Prior experimental and theoretical efforts have provided strong evidence that the formation of α-brass such as Cu3Zn alloys in Cu/ZnO/Al2O3 CO2/CO hydrogenation catalysts enhances dramatically the catalytic activity toward methanol synthesis. In this work, a density functional theory (DFT) slab model has been adopted to get information concerning the bulk and surface properties of DO23-like Cu3Zn and to explore CO molecular adsorption, which will help pave the way to future rationalization of the impact of surface alloying on Cu/ZnO-based catalysis for CO2 and CO hydrogenations. Our calculations imply that the bulk modulus and cohesive energy of the binary solid solution lie between the corresponding ones for the individual components, but only the former quantity equals its composition weighted average. From the DFT-computed surface energies, the stability of Cu3Zn surfaces was predicted to be reinforced in the sequence (110)<(101)<(111)<(100)=(001)<(214)<(114), which can be interpreted as sensitive to the density change of surface dangling bonds. The downward shifts in the C–O stretch frequency measured experimentally over methanol synthesis catalysts at successively elevated reduction temperatures were correctly reproduced by the present simulation for the adsorption of CO to take place at Cu3Zn(114), Cu3Zn(214) and, as a reference, Cu(111). This agreement confirms the total energy results that indicate that the flat (114) and stepped (214) facets are the most stable and abundant ones in the Cu3Zn particles formed. It was found that a subtle compromise between the cost of fragment distortions and the large stabilization due to molecule–surface interaction is the way to control and optimize the reactivity of the Cu-based alloy to CO chemisorption.

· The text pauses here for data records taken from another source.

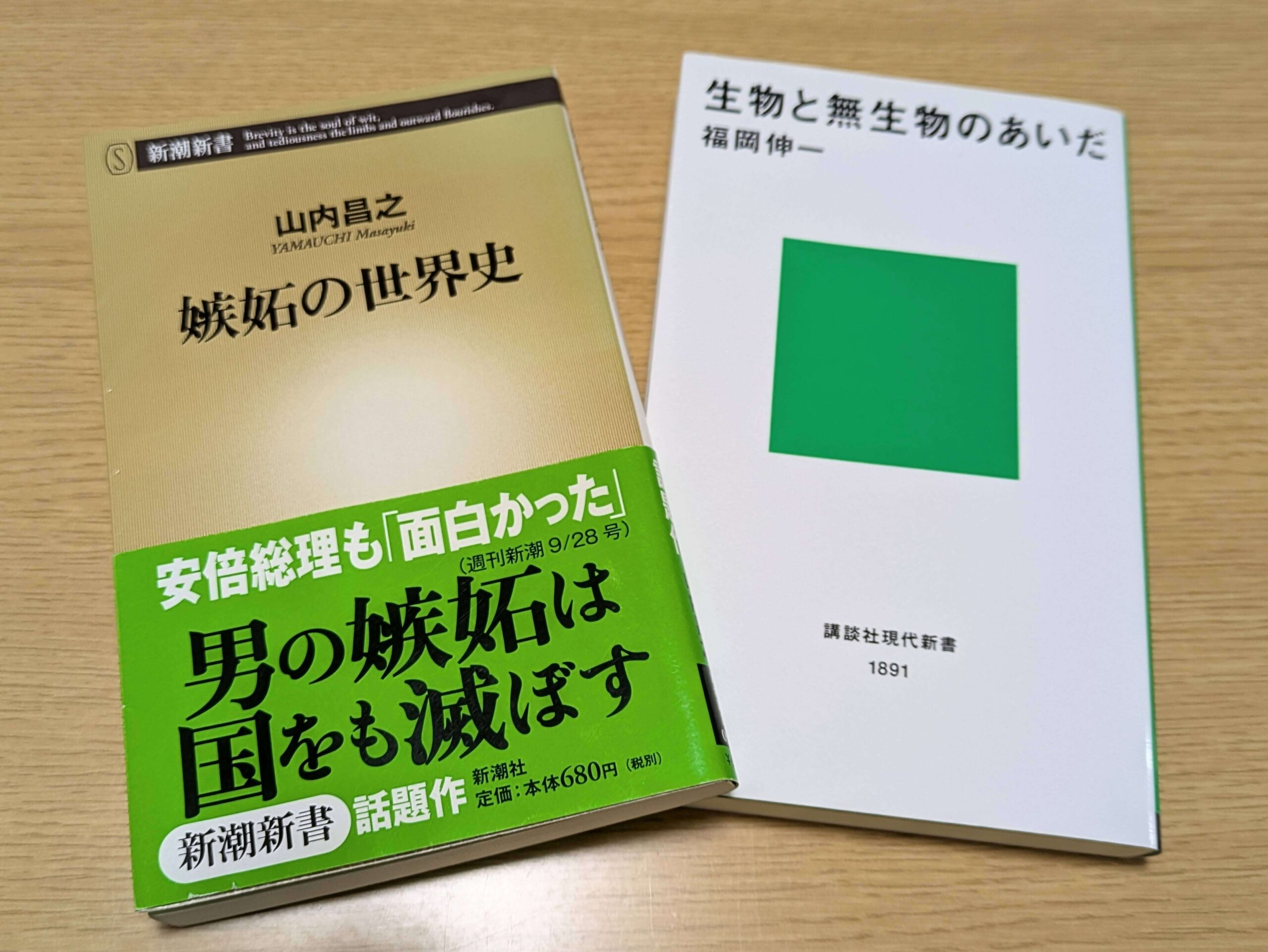 上の画像はたまたま自宅本棚にあった『嫉妬の世界史』 (山内昌之、2004年、新潮社)と『生物と無生物のあいだ』(福岡伸一、2007、講談社)。前者は「波」に掲載されたエッセイ「男の嫉妬」が単行本化のきっかけでした。そして、後者は「本」連載からの単行本化です。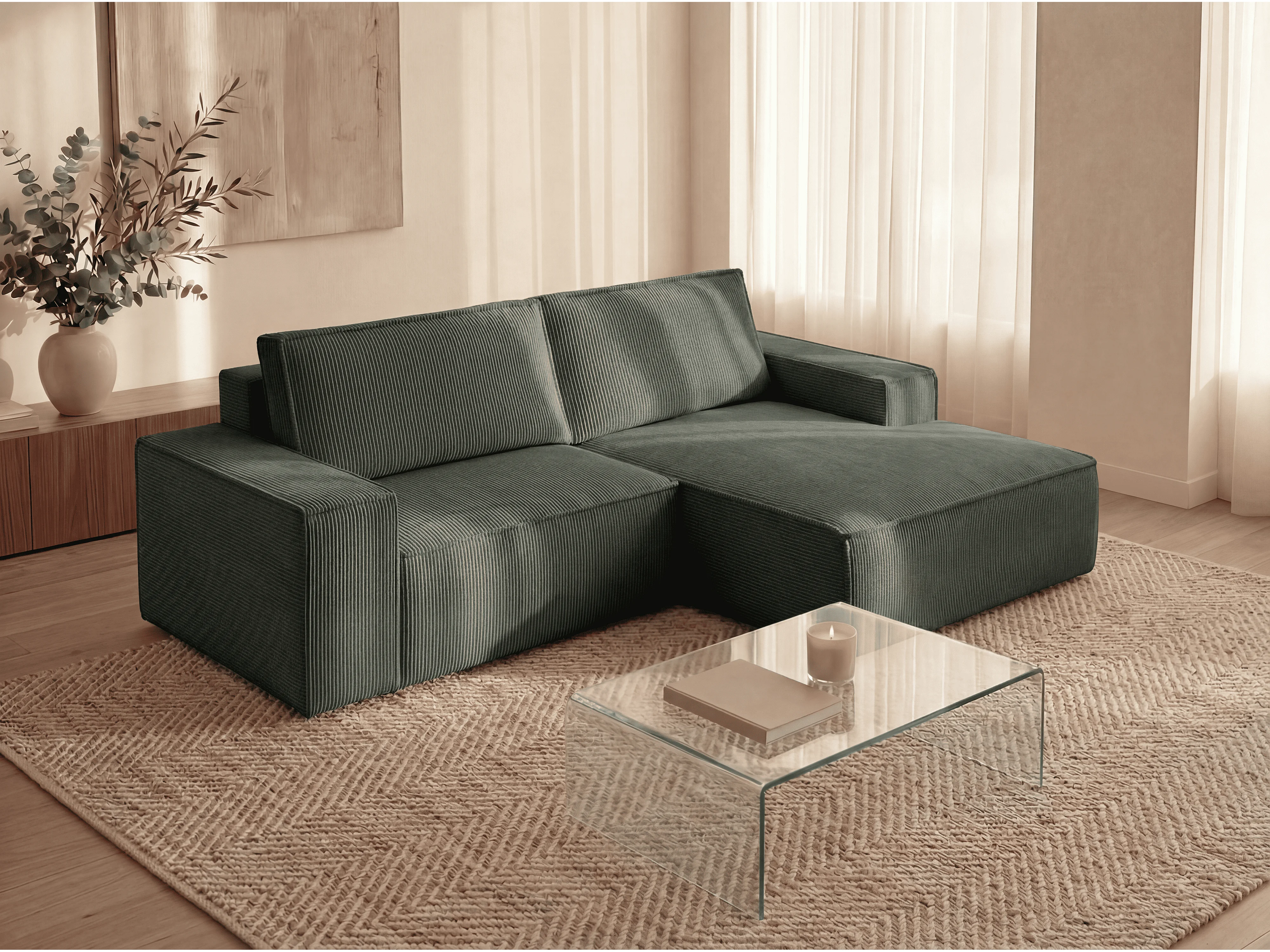 Petit canapé d'angle droit convertible en velours côtelé vert sapin AMELIA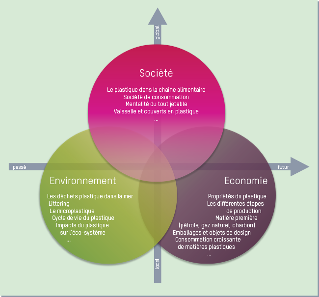 La dualité entre un cycle d’utilisation très court (81% devient un déchet en moins d’un an) et la durée de vie presque infinie du plastique soulève de nombreuses questions essentielles en lien avec l'EDD, mobilisant les niveaux individuel et collectif, économique, politique et environnemental.

Intriguingly, electronic structure evaluation reveals that as far as all the alloy surfaces under scrutiny are concerned, a layer of CO brought a decrease, not an increase, in work function for (101)Zn and (110)CuZn, though the electrons always flowed from the substrate to the adsorbate. The finding is not trivial at all since it counters the classical rule that an electronegative species raises the work function of the underlying surface. The bonding of CO to the Cu3Zn systems via C–Cu contacts was identified as being primarily covalent rather than ionic. A simple d-band energy model is able to capture the bonding tendency observed.